出すもん出して、一旦死んだら治った。最近少しずつ酒強くなってる気がするぜ!!にしし。


甲板のど真ん中から、未だ死んだように身動き一つせず眠るクルーに勝ち誇った笑みをこぼしてたら、俺の背後から、グウォ〜!!って腹に響く低い声が…え、なに?!恐竜?!


焦って、バッ!!と勢い良く振り返った先には、柵に腰掛け釣糸を垂らしてる、寂しそうなベポの背中…何だ驚かせやがって。


「あ!!シャチ起きたの?」


俺の視線に気付いたらしいベポが、嬉しそうな顔を寄越してそのまま軽快なステップで俺にドーン。


「ぐべッ?!ベポ…お前…毎回考え無しに突っ込む癖どうにかしろ!!」


派手に鈍い音を立てて、打ち付けた頭を擦りながら、すいません…って毎回必要以上に落ち込むコイツの抱えてるバケツを覗き込む。


そんで絶句。


「はッ!!そうだシャチ!!これ調理して!!コックも死んでるから、シャチにしか頼めないんだッ」


そう言って、ズイッと満面の笑みで俺にバケツ差し出すベポ。


あれ、俺ここまで馬鹿だった?調理って、確か食いもんに使う言葉だよな…違ったっけ?


「腹減り過ぎて俺、このままだと大変な事になるッ」


“グウォ〜”


そう嘆いて腹の音を響かせ、お腹ペコペコ!!なんて怒って俺の背中を押すコイツの発言からして、調理ってのはやっぱ俺が考える意味で合ってるらしい…

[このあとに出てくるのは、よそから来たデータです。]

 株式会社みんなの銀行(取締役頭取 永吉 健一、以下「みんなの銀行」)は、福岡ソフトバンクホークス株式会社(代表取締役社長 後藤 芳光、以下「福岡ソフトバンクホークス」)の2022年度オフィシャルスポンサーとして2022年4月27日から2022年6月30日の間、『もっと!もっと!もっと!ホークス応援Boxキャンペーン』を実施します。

さっき恐竜の雄叫びだと思ったのは、ベポの腹の虫だったのか…どんだけだよ。


でも釣りしてたって事は、やっぱバケツの中身は魚だよ…な?イヤ、どう贔屓目に見てもコレは魚じゃねぇけど。


魚の形した、顔面潰れたオッサン。しかもめちゃカラフル。グラサン越しでも、生き物の色してねぇのバレバレ…うげぇ。


「ベポ…お前、本気でコレ食う気か?」


恐る恐る背後に顔を向ければ、勿論!!って…マジかよ。


「生は無理だったけど、味が付けばイケる筈!!」


いやイケねぇよ確実に。


ってか、調理って何?味付け?焼けば勝手に味が付くんじゃねぇの?


頭を悩ませつつ、早くッ早く!!って急かされるまま仕方無く厨房に立ってはみたけど、何から手を付けりゃ良いのか…はぁ…だる。

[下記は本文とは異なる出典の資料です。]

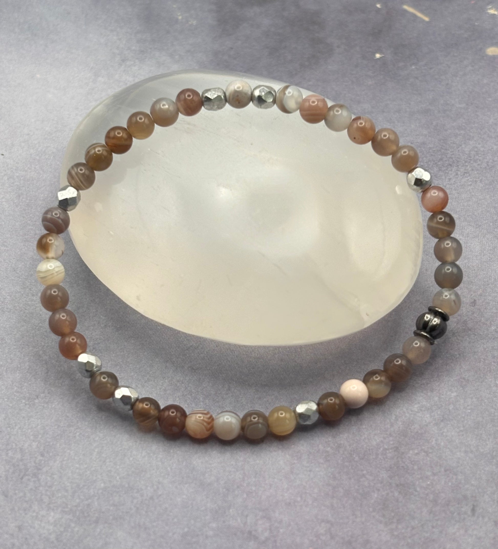 Pause. Breathe. Reset. Midday Meditation is your reminder to step away from chaos and return to clarity. Featuring the serene beauty of Botswana Agate accented with metallic tones, this bracelet transforms tension into balance and frustration into focus.

「ったく…不味くても文句言うなよ?俺、料理なんざ出来ねんだから」


こうなりゃヤケクソだ。俺はとりあえず、ズラッと並べられた調味料缶を、それらしい雰囲気で手に取った。


「………」


“S”って何だ…スパイス?


“A”は…ア、アンビリーバボーな味が付くとか?


“P”は分かるぜ!!ピンチヒッターだろ?あれ、胡椒ってどれだ?!…面倒くせぇ!!


「だいたい何で俺が…こういう細かい作業は、ペンギンとかミラーのが向いてるだろ…」


ブツブツ文句を垂れる俺にベポが、何かペンギン疲れてるみたいだから、困らせちゃ駄目だよ?なんて説教してきやがった。俺を困らせんのは良いのかよ。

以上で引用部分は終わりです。